Он сидел рядом с Котей, напротив него, у себя в Гранатном переулке, он все сделал, вымыл посуду, накупил всего в магазинах, сам сервировал стол, сам поставил на него все, что надо – ведь он был двурукий, у него было две руки, а Котя сидел напротив него с одной рукой, и улыбался так чисто, так ясно, что не плакать было невозможно. Митя так и наливал вино – слезы текли по щекам; так и накладывал на тарелку Коте всякой всячины, пододвигал нарезанные мясо, рыбу, овощи, икру – а лицо так и заливалось слезами, они, слезы, все текли и текли неостановимо.

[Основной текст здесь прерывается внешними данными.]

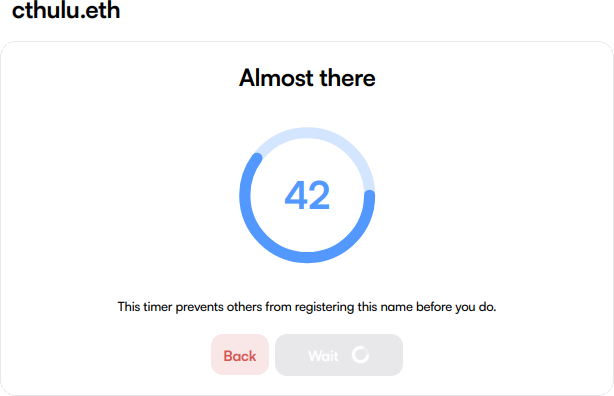 After the Step 1 transaction completes there's a 60-second waiting period to prevent front running.

– За твое возвращенье… за возвращенье!..
Он не мог говорить. Горло будто перерезали. Слезы текли по губам, как соленая кровь. Котя улыбался весело, хорошо. Он своей улыбкой словно говорил Мите: ну что ты, Митя, ведь все в порядке, жизнь идет, я жив, я повидал войну, я сделал все что мог, и Господь вознаградил меня, Он надоумил меня, Он пожаловал мне жизнь, хотя мог ее отобрать на войне, и я счастлив, – а ты-то что ж ревешь как корова?.. Плакать мужчине не к лицу…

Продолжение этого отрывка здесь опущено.